Justice Brown, writing for the dissent, agreed with the majority the duty of care is established through the application of the Anns/Cooper framework. He noted a duty of care is owed where the defendant’s act foreseeably causes physical harm to the plaintiff. As such, the Plaintiff need only show the physical injury was a reasonably foreseeable consequence of the Defendant’s negligence:
… In Cooper v. Hobart, this Court identified the first category of relationships in which a duty of care has been previously recognized as being that “where the defendant’s act foreseeably causes physical harm to the plaintiff”. To show that the circumstances of a case fall within this category, a plaintiff need only demonstrate that physical injury to him or her was a reasonably foreseeable consequence of a defendant’s overt act of negligence … And, in cases of foreseeable physical injury, the “factor” which justifies the establishment of a proximate relationship and a duty of care is the foreseeability of injury alone. Indeed, the majority appears to agree that this will “often” be the case. Where foreseeability of physical injury is shown, proximity is established by analogy to those cases where reasonably foreseeable physical injury had previously prompted a court to recognize a duty of care. …
The Dissent was highly critical of the Majority. Justice Brown noted the Majority did not explain why applying the category of foreseeable physical injury resulted in an expansion of this category. In rejecting this approach, the Dissent opined the Majority rejected extensive precedent. Additionally, the Dissent was concerned with the fact the Majority did not explain when the category of foreseeable physical injury would ever apply.
After establishing the category of foreseeable physical injury was applicable, the Dissent turned their mind to whether the injury was reasonably foreseeable. The Dissent noted reasonable foreseeability is a relatively low threshold:
 Reasonable foreseeability represents a low threshold and is “usually quite easy to overcome”. At this point, a plaintiff must merely provide evidence to “persuade the court that the risk of the type of damage that occurred was reasonably foreseeable to the class of plaintiff that was damaged”. Where a plaintiff has already sustained injury, it is rare for a court to find that a duty of care is not established for a lack of reasonably foreseeable harm. … The Dissent found the physical injury to the Plaintiff was foreseeable.
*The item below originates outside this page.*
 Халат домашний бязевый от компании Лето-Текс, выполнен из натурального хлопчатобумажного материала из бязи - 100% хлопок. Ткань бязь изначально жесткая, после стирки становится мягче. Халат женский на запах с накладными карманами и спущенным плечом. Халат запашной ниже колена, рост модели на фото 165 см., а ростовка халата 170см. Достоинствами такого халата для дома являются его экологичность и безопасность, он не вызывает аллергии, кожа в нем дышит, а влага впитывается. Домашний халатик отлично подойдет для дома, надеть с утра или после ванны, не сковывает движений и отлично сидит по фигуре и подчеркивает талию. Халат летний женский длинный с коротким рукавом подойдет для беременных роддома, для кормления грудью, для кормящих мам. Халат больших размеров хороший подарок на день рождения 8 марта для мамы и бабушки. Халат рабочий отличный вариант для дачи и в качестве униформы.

They rejected the notion the risk of theft does not include the risk of theft by minors unless there is further evidence to support this conclusion.
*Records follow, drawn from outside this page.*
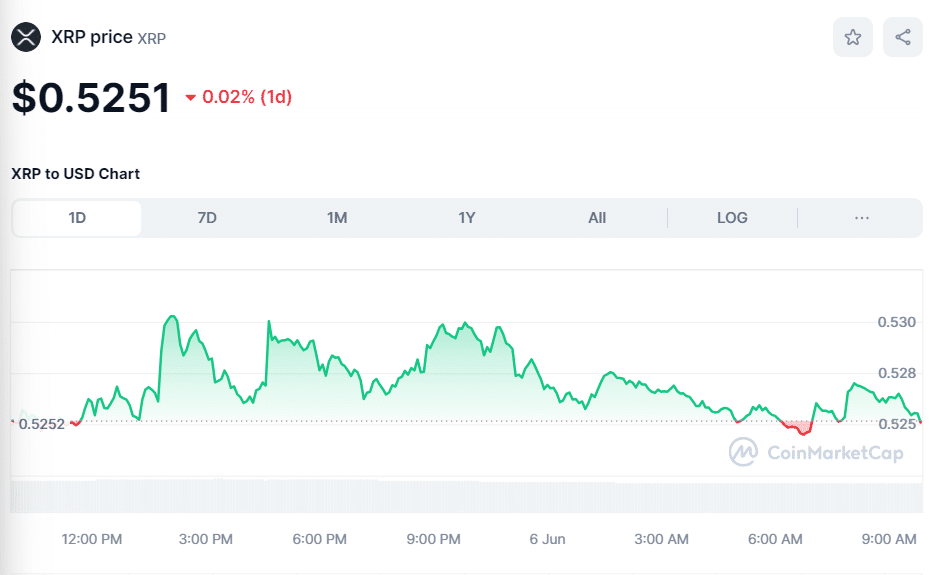 与此同时,截至发稿时,瑞波币支持的加密货币小幅下跌 0.02%,至 0.5251 美元。XRP的24 小时最高价和最低价分别为 0.5245 美元和 0.5307 美元。
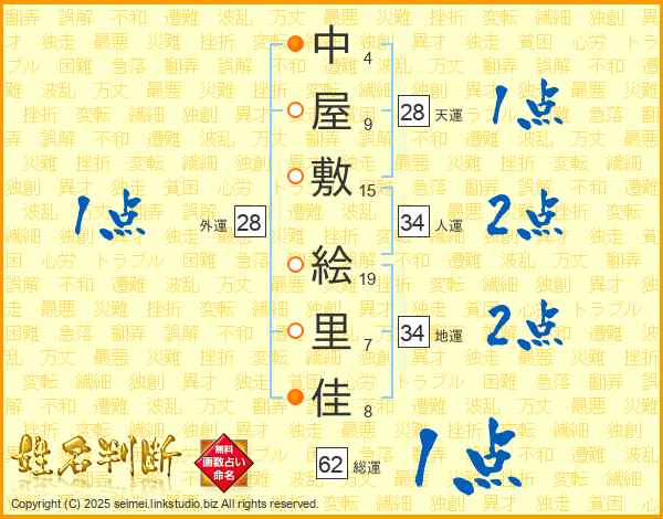 中(4画)屋(9画)敷(15画) 絵(19画)里(7画)佳(8画)
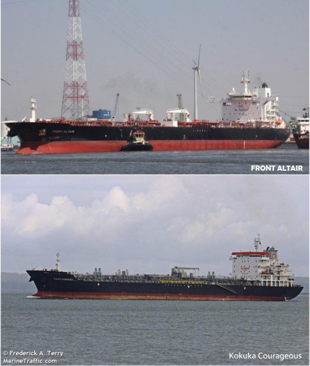 Установлено, что это Front Altair (который ходит под флагом Норвегии) и Kokuka Courageous (Панама).

The Dissent found no authority to support this conclusion; instead finding a minor was no less likely to steal a vehicle than any other individual. There was sufficient evidence to support the trial judge’s conclusion physical injury to the Plaintiff was reasonably foreseeable and the Dissent would have dismissed the appeal.
This decision reinforces the importance of considering the facts of each and every case. Simply because there is a risk of theft does not automatically translate into the risk of harm. There must be information in the situation at hand which suggests a stolen vehicle will be operated dangerously. Furthermore, there is no onus to onus to protect against the risk of theft by minors unless there is evidence to suggest the Defendant’s premises was known to attract minors. As such, personal injury was not the foreseeable result of a minor following theft of a vehicle.
Moving forward, this decision will likely result in increased litigation with respect to the duty of care and foreseeability of harm. The Supreme Court of Canada has concluded the previously accepted categories for establishing the duty of care, such as the foreseeability of physical injury, may not be applicable in certain situations. As such, this will likely lead to greater litigation in cases where counsel attempt to rely on traditionally accepted categories for establishing the duty of care.